Records contained in a dataset:
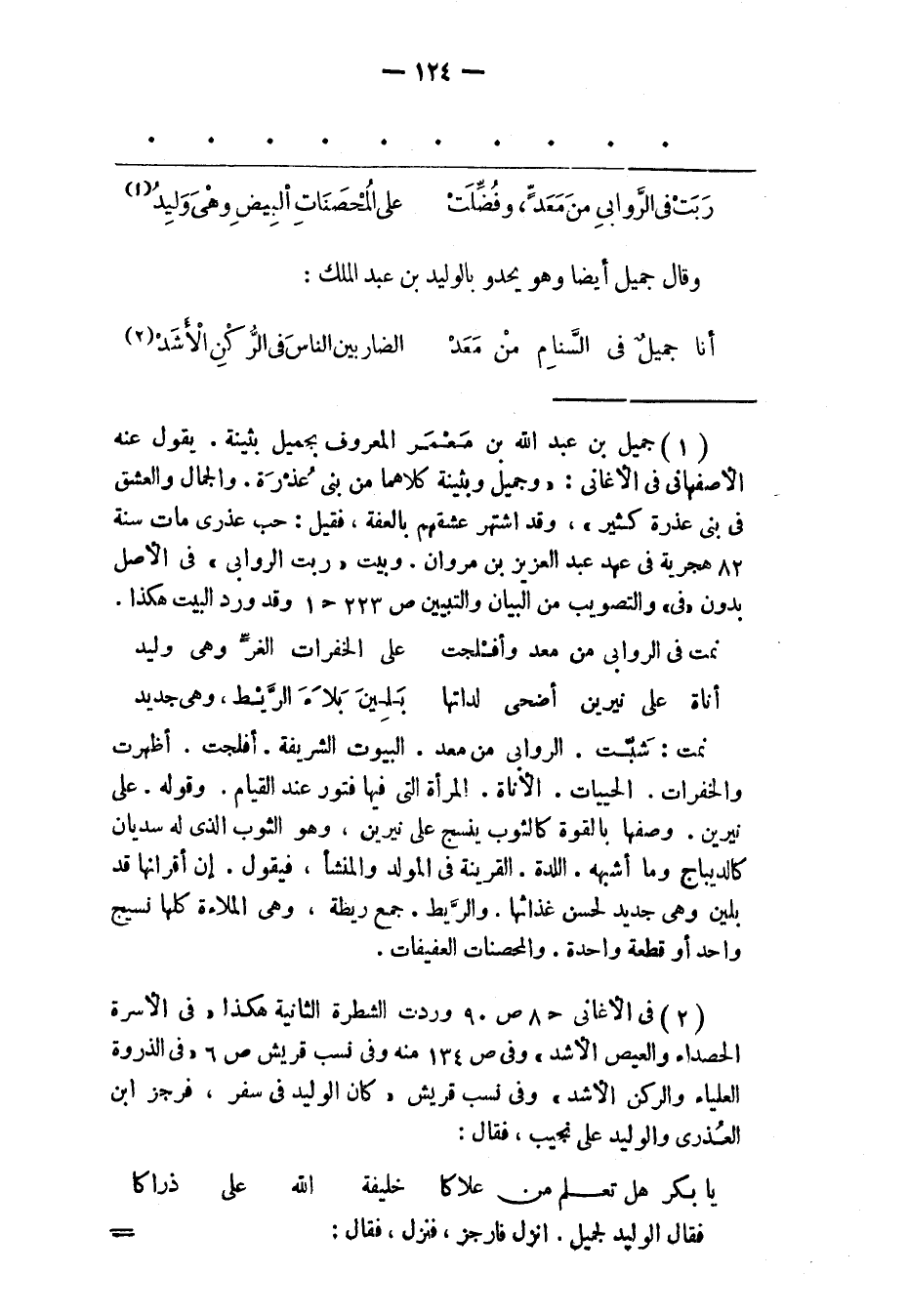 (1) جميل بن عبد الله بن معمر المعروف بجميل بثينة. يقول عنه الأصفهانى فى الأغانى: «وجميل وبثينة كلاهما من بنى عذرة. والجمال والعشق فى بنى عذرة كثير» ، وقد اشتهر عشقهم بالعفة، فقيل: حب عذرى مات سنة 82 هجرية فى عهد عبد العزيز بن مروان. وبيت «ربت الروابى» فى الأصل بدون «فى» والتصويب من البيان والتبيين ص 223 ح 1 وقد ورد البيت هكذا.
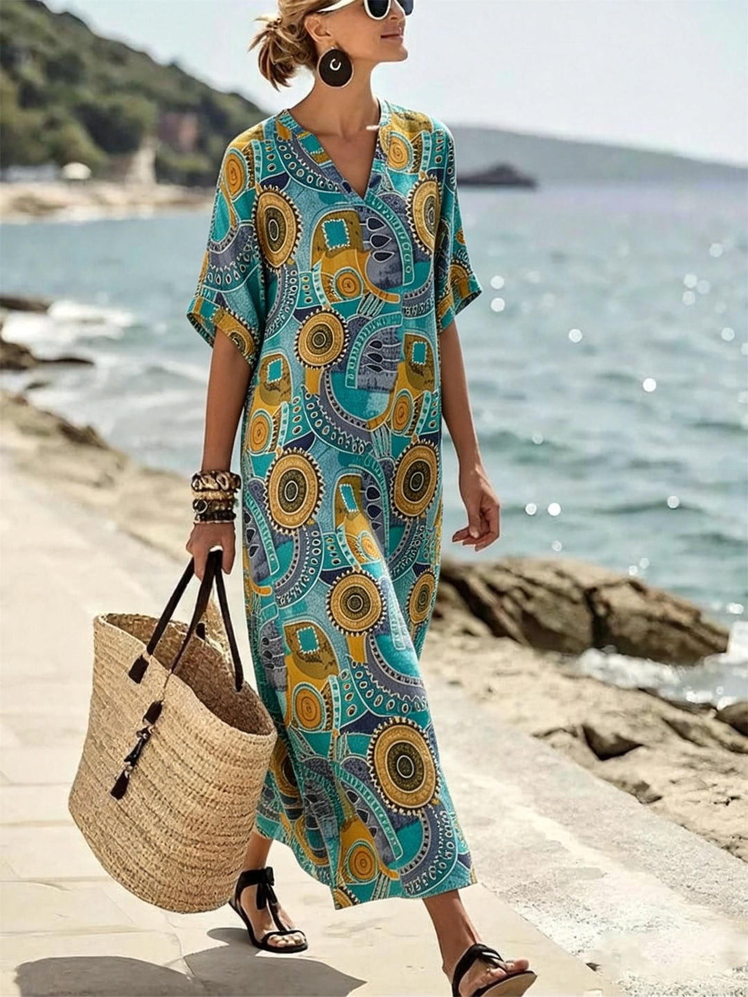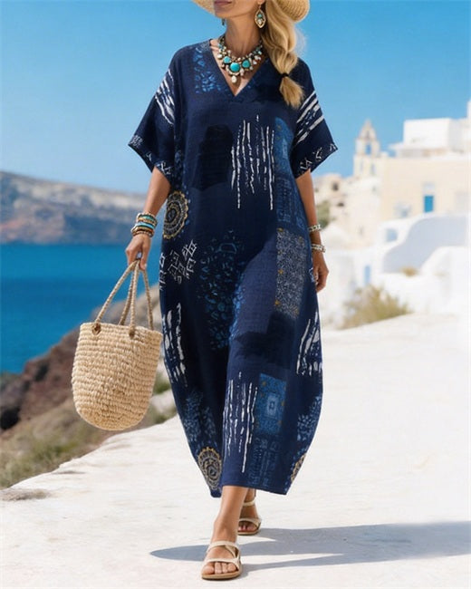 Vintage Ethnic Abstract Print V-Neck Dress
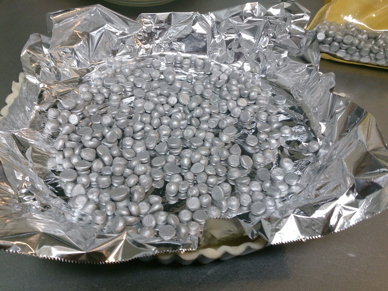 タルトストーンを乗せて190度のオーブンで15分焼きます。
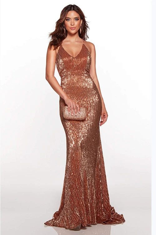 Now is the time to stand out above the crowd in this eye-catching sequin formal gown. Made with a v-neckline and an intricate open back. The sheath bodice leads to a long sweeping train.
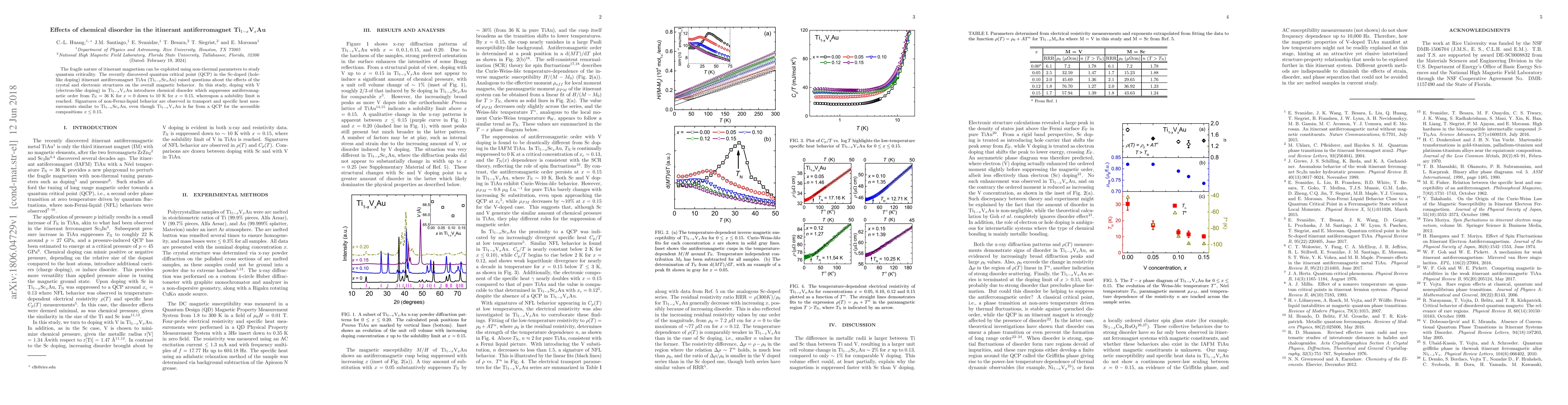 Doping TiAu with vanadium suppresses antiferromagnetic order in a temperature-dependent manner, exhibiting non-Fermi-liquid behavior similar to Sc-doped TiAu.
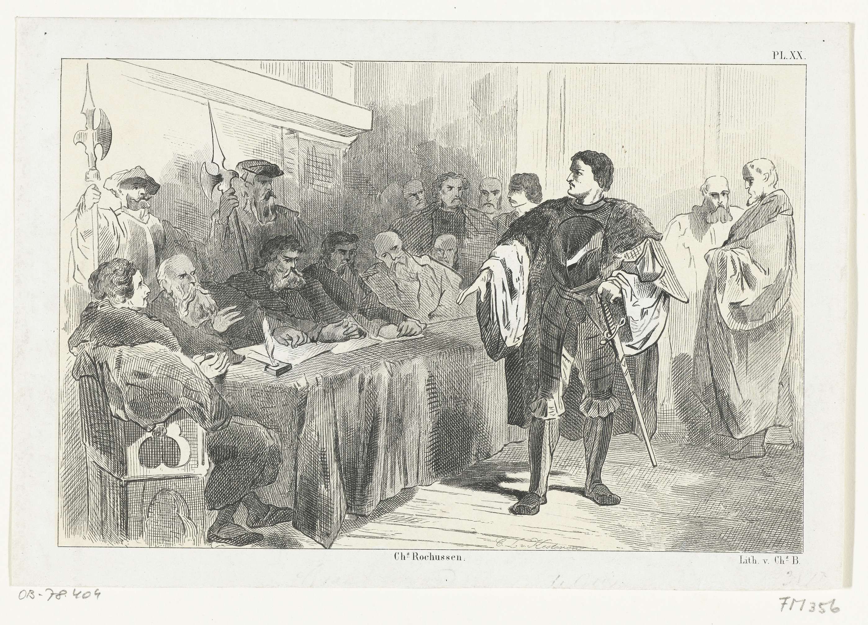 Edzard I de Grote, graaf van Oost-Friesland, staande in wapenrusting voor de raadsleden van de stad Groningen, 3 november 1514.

* * *

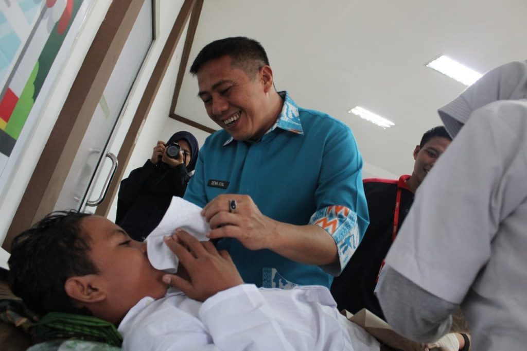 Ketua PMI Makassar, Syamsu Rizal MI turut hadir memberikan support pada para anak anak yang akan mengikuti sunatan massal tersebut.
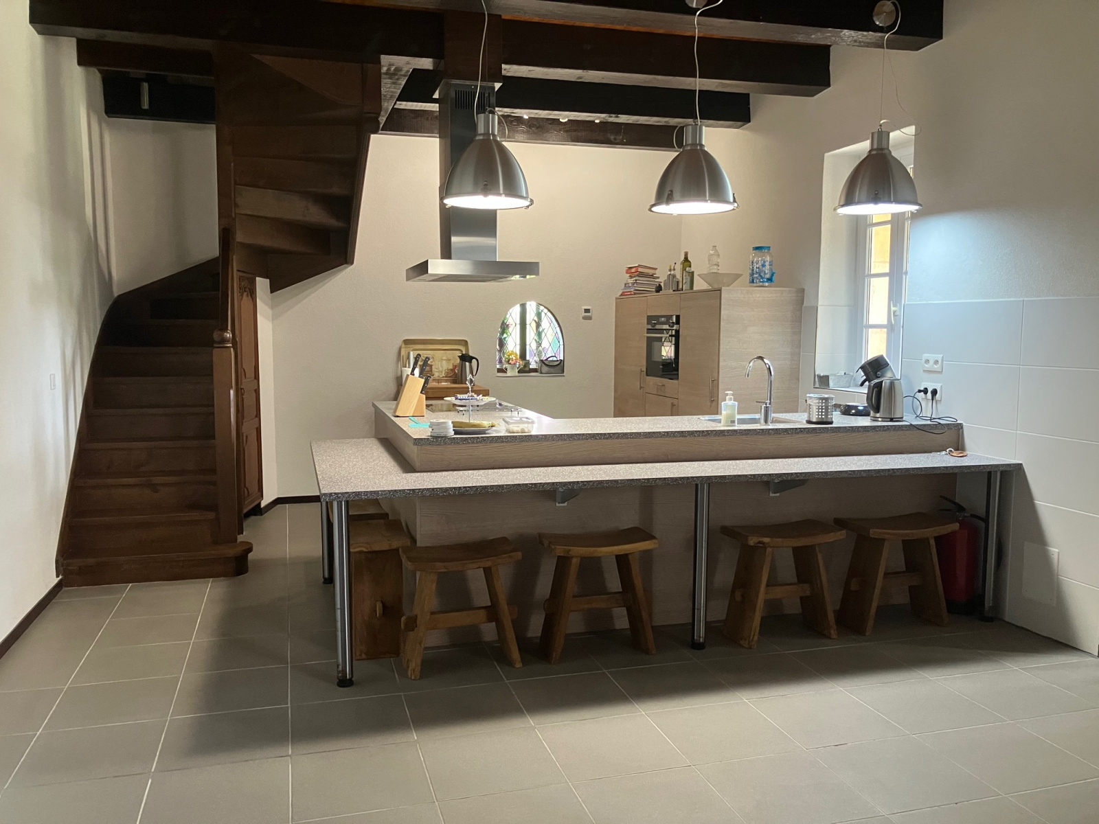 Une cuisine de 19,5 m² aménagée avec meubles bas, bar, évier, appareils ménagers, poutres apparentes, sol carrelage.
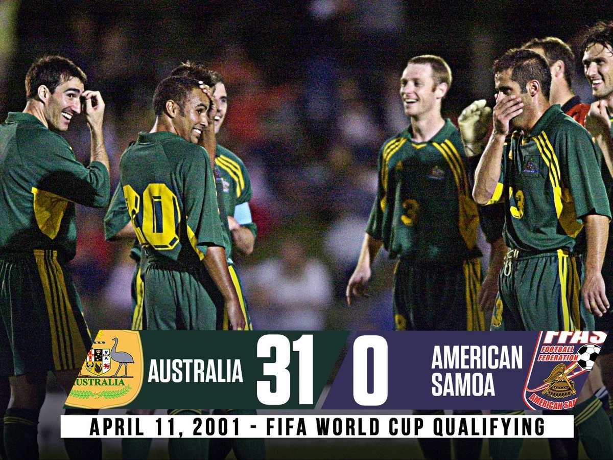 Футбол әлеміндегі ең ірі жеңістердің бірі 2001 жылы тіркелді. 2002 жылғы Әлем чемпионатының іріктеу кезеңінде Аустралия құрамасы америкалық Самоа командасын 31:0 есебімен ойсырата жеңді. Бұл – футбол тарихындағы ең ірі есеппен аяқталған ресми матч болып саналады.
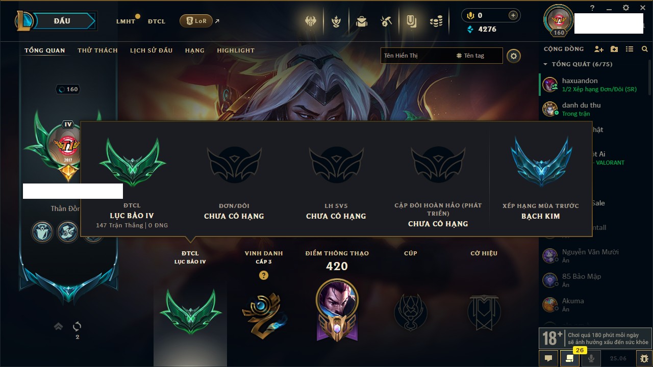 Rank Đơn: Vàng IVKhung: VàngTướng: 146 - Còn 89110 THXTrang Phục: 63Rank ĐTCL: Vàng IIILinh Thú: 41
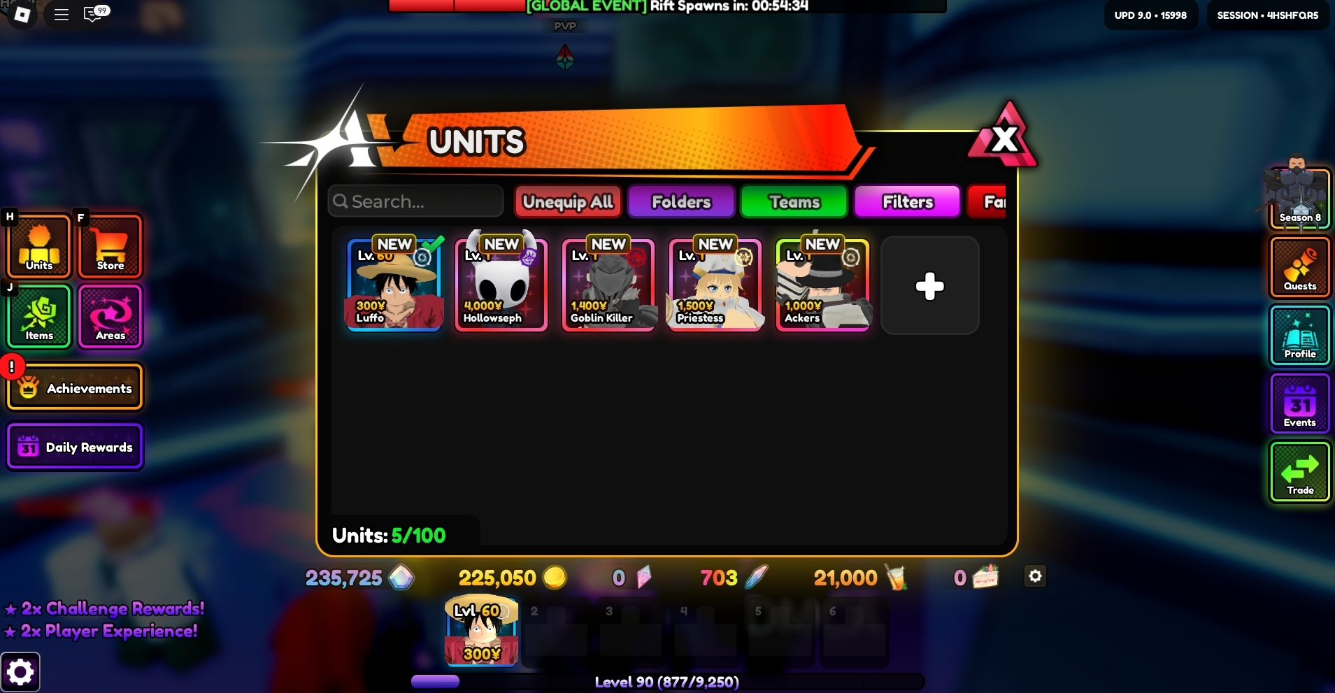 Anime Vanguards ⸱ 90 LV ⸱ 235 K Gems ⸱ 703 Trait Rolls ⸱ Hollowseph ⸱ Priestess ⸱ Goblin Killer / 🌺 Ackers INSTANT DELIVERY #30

• _Exercise instructions_: Above are the records. Copy only the lines from the one with "Vintage Ethnic Abstract Print V-Neck Dress" through the one with "Now is the time", exactly, with no pictures.

• _Answer below_:
 Vintage Ethnic Abstract Print V-Neck Dress
 タルトストーンを乗せて190度のオーブンで15分焼きます。
 Now is the time to stand out above the crowd in this eye-catching sequin formal gown. Made with a v-neckline and an intricate open back. The sheath bodice leads to a long sweeping train.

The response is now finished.